In September 2000 the couple left for Guatemala, and began their 27-month commitment to the mission by attending language school. A short time later they started their assignment with God's Child Project in San Felipe, just outside Antigua, which was arranged by the Volunteer Missionary Movement co-coordinator for Central America. During that time, they carried out a variety of tasks in service to the poor.
Susan worked with the school in the God's Child project, called the Dreamer Center. Richard led teams of service, while Susan assisted in providing lunches and snacks to students. In a short time Susan was able to set up play-based, activity centred, pre-school programs and trained two Guatemalan teachers in the basic theories and practices of Early Childhood Education. They in turn trained two other Guatemalan teachers and set up two more classrooms based on the new method.
Soon both were working on a variety of projects initiated by the God's Child Project including helping the plight of children in the Patzun orphanage. Richard also worked with teams of volunteers to build basic homes and furniture for families which had previously survived in the most primitive and inhospitable shelters


Richard and Susan started a program to feed the homeless in Antigua where they were based by 2001. They also perceived great need in the rural areas devastated by a civil war of over 30 years duration. They visited the village of Sacala Los Lomas, where many women widowed by the war were struggling to support their children. The women were skilled in the art of traditional weaving and wanted to form a cooperative to make and sell their products. In support of this effort, Susan and Richard established a small preschool for children freeing the women to work and solicited donations for the purchase of three large looms and two sewing machines to enable them to increase their production.

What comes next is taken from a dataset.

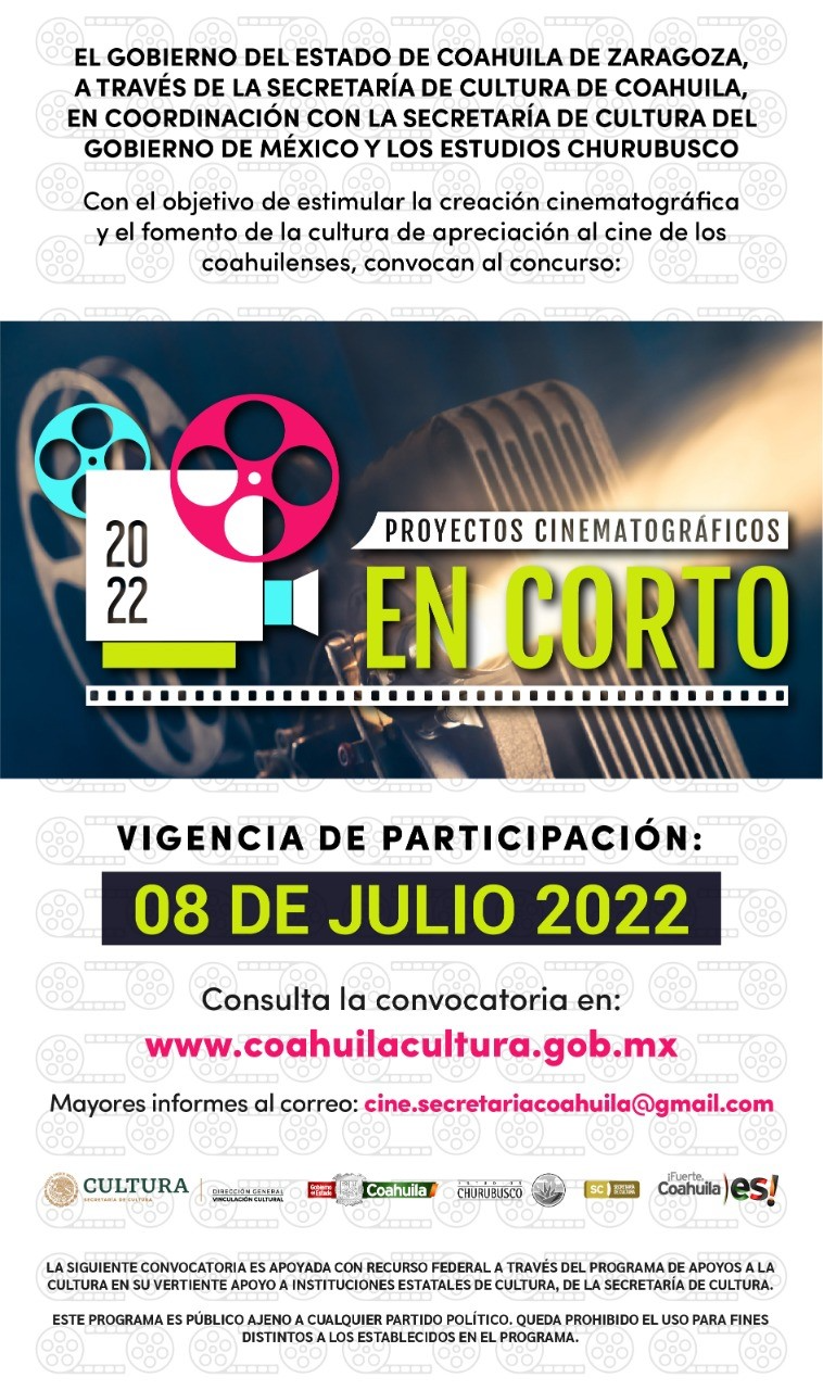 Por último, el funcionario estatal recordó que se encuentra abierta la convocatoria Proyectos Cinematográficos en Corto 2022, y que las bases se encuentran en la página oficial de la Secretaría de Cultura www.coahuilacultura.gob.mx y cierra el próximo 8 de julio , para mayores informes se puede enviar un correo a cine.secretariacoahuila@gmail.com. (EL HERALDO)

By 2003, Susan and Richard had fulfilled their two-year commitment to the VMM mission in Guatemala and were scheduled to return home and begin retirement living. However, the plight of the dreadfully poor people of that country would not let them rest. There were so many new seeds to plant! So instead they formed Oneness. Initially, the new initiative was assisted by the Sisters of St Joseph of Pembroke.
In the next year, Oneness opened an important partnership with a Guatemalan organization called "Camino Seguro" ("Safe Passage"). This project served the poorest of the poor who lived at the municipal dump in Guatemala City. The people here barely existed by scrounging from the garbage in hopes of finding food and items which they could sell. The children appeared to have no hope of breaking out of a crippling cycle of poverty.



But Oneness and "Safe Passage" collaborated to set up a two room preschool pilot project followed by a six-room daycare. The furniture was designed by Susan and built by volunteers from Canada and the United States under the direction of Richard.
The Schmaltzs arranged major funding for their efforts at the dump through Acceso International, a charitable group based in Ottawa, and also received a generous donation from the Society for Third World Dental Care based in Alberta. But setbacks are inevitable with such taxing work and in 2005 qualified teachers trained by Susan quit because the dump was located in the most dangerous area of the city. Still Susan carried on and soon was training more teachers with the able assistance of her Guatemalan colleague, Madeli Samara Quinonez Gonzales, who, along with Susan as the executive Director, is now the president of Planting Seeds.

In 2004, Susan won an achievement award for her work with children from the Premier of Ontario and used the $5,000 monetary component to bring two students from Algonquin College in Pembroke to do a practicum in San Felipe, Antigua and Sacala.